Patient characteristics are shown in Table 1. Mean age and disease duration of the patients were 43.7 ± 11.1 and 19.0 ± 10.1 years, respectively, and 80.9% were male. All patients were Asians. There were 13 (19.1%) non–stricturing and non–penetrating, 36 (52.9%) stricturing, 10 (14.7%) penetrating, and 9 (13.2%) stricturing and penetrating types, and 30 patients (44.1%) had history of small bowel resection. Almost half of the patients (47.1%) were small intestinal type (L1), but there were 36 patients (52.9%) who were originally diagnosed as L3 type. Among the patients with L3 type, 18 patients (50.0%) had undergone total proctocolectomy and ileostomy, and 3 patients (8.3%) with sub-total colectomy with ileo-rectal or ileo-sigmoid anastomosis had no active colonic lesions confirmed by colonoscopy within 2 months of the LRG measurement. The remaining 15 patients (41.7%) comprised of 4 patients who initially had ileocecal CD lesions but have long been detected only small intestinal lesions after ileocecal resection, and 11 patients who had been confirmed normal colonic mucosa by colonoscopy within 2 months of the LRG measurement. All L2 patients were excluded from this study. Most patients (79.4%) were taking 5-aminosalicylic acid (5-ASA). Thioprine was taken 29.4% of the patients, and biological agents including anti-TNF-α, Ustekinumab, and Vedolizumab, were used in 20.6% of the cases. The mean value of LRG was 17.7 ± 8.5 μg/mL. Positive enteroclysis findings were seen in 32 (47.1%) patients (Table 2). There were no differences in demographics between patients with or without positive enteroclysis findings. Only the disease behavior was different between patients with or without positive findings, mainly because more patients with negative findings were B1 phenotype (30.6%) than patients with positive findings (6.3%). We then divided patients into LRG positive and negative with the commercial cut off value of 16 μg/mL (Sekisui Medical Co., LTD).18 There were 41 LRG-positive and 27 LRG-negative patients (Table 3). Age, gender, disease duration, and the rate of past bowel resection were similar between them, but LRG positivity was different based on the disease behavior and there were more patients with B1 behavior in LRG-positive than LRG-negative individuals.

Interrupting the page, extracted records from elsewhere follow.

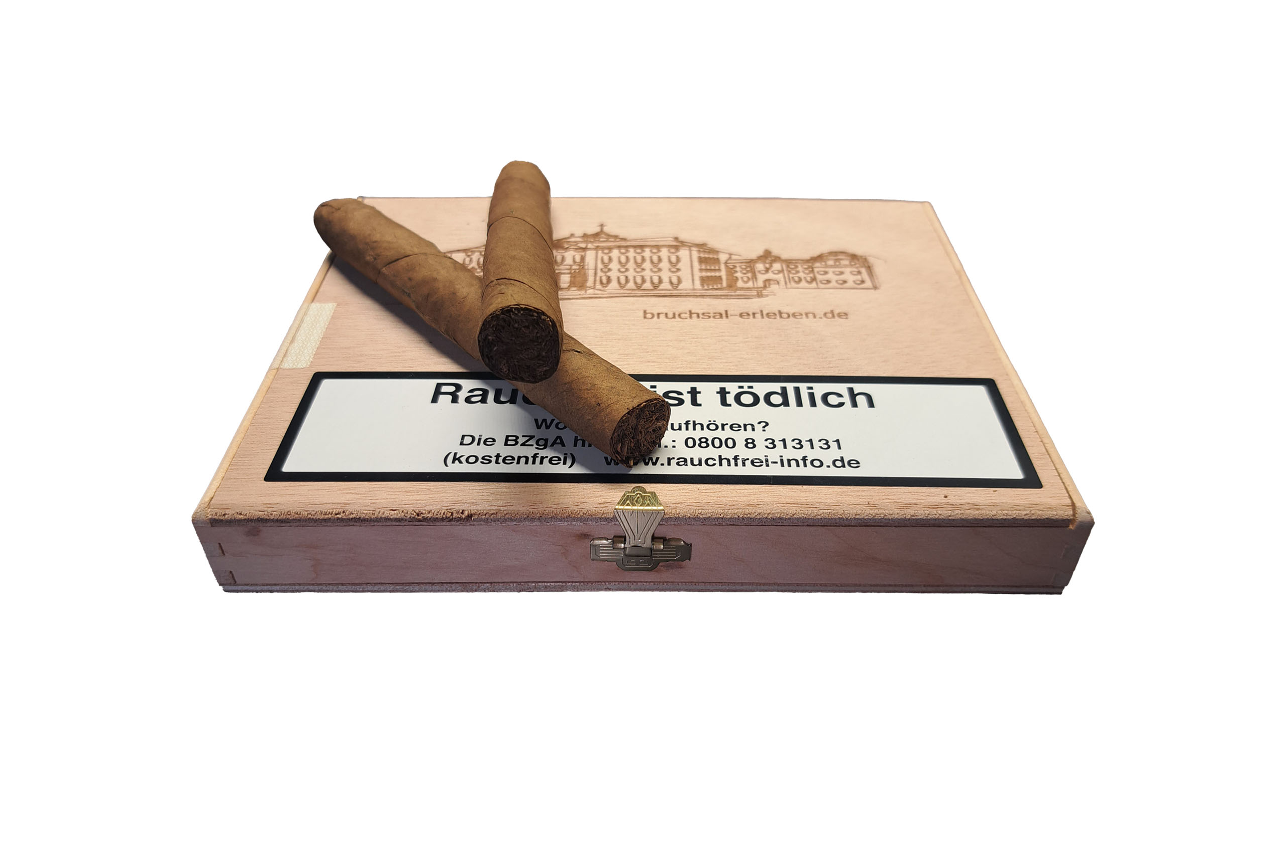 Die Corona-Zigarren bestehen aus einer vollmundigen Mischung und werden in einer einzigartigen Holzschatulle als exklusive Bruchsal-Edition in der Touristinformation angeboten.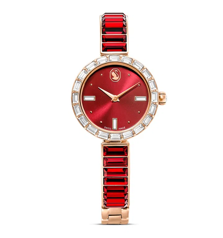 想寻找一款特别的首饰?可以考虑Swarovski的红色Matrix Bangle腕表。玫瑰金表壳搭配镶有20颗透明水晶的表圈,以及点缀着16颗鲜艳红色水晶的表带,完美融合了活力与精致。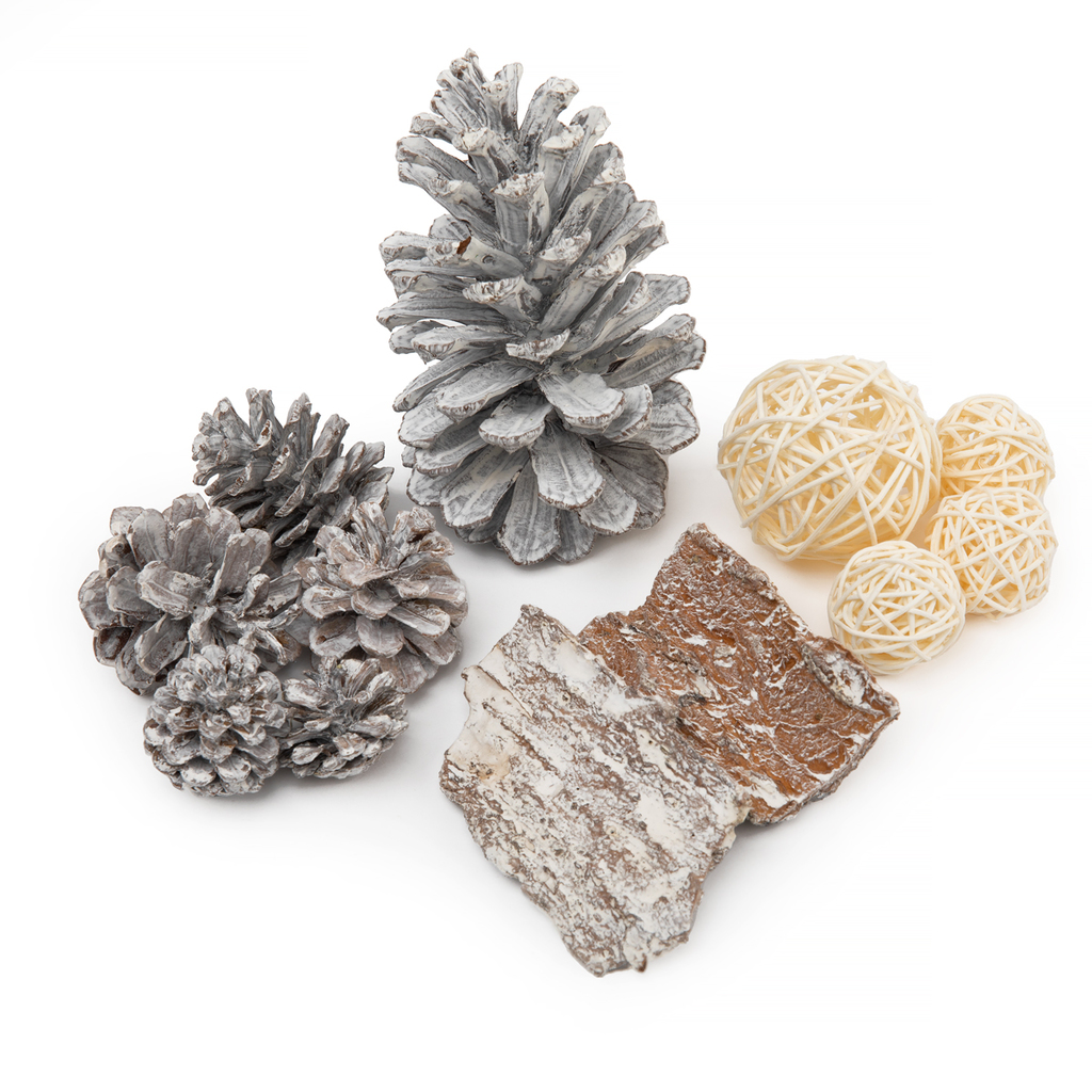 С набором природных материалов "Blumentag" DRS-03 можно создавать уникальные композиции, сочетая разные текстуры и цвета. Набор природных материалов "Blumentag" DRS-03 используется для создания флорис... Показать описаниетических интерьерных композиций, цветочной композиции, возможно использовать как основу при изготовлении топиариев, послужит отличным декором при оформлении подарочных корзин с фруктами, чайных и кофейных наборов. Так же применяется при оформлении подарков. Сочетание материалов набора позволяет создавать оригинальные композиции, которые будут выглядеть стильно и гармонично в любом интерьере. Кроме того, использование натуральных материалов делает такие композиции экологически чистыми и безопасными для здоровья. В набор входят: Шары из ротанга: Диаметр: от 4.9 ± 0.5 см - 1 шт. Диаметр: от 3 до 3.8 ± 0.5 см - 3 шт. Шишки: Длина: 3 ± 0.5 см, ширина: 3.7 ± 0.5 см, высота: 5 ± 0.5 см - 1 шт. Диаметр: от 3.7 до 3.9 ± 0.5 см, высота: от 3.5 до 4.3 ± 0.5 см - 2 шт. Диаметр: от 4.2 до 4.4 ± 0.5 см, высота: от 4.8 до 4.9 ± 0.5 см - 2 шт. Длина: 6.6 ± 0.5 см, ширина: 6 ± 0.5 см, высота: 9.8 ± 1 см - 1 шт. Кора дерева: длина от 7.5 до 8.3 ± 1 см, ширина: от 5.3 до 6.1 ± 1 см, толщина: 0.8 ± 0.3 мм - 2 шт. Вес набора: 80 ± 10 г

LRG was elevated in patients with specific enteroclysis findings of CD in the small intestine
There were 36 patients (52.9%) who had no positive findings in the enteroclysis, but 32 patients (47.1%) showed typical CD lesions including longitudinal ulcer (46.9%), cobblestone appearance (15.6%), and stricture/narrowing (75.0%) (Table 4). All patients with cobblestone appearance had an overlap finding of longitudinal ulcer, and 2 of them also had stricture/narrowing. There were 7 patients who showed both longitudinal ulcer and stricture/narrowing. The average serum LRG level of patients who had positive findings in the enteroclysis was 23.5 ± 9.2 μg/dL, which was significantly higher than the LRG levels in patients without positive findings (12.8 ± 3.0 μg/dL, *P *< .00001). Multivariate analysis including age, gender and the history of bowel resection confirmed the serum LRG level as an independent factor for the presence of positive findings in enteroclysis (odds ratio [OR] 1.4, 95% confidence interval [CI]: 1.2-1.6, *P *= .0001). In addition, The LRG levels of patients with each finding were individually higher when compared with the LRG levels of patients without positive findings. Therefore, the elevation of serum LRG may be highly associated with the presence of a positive finding in enteroclysis in patients with small intestinal CD.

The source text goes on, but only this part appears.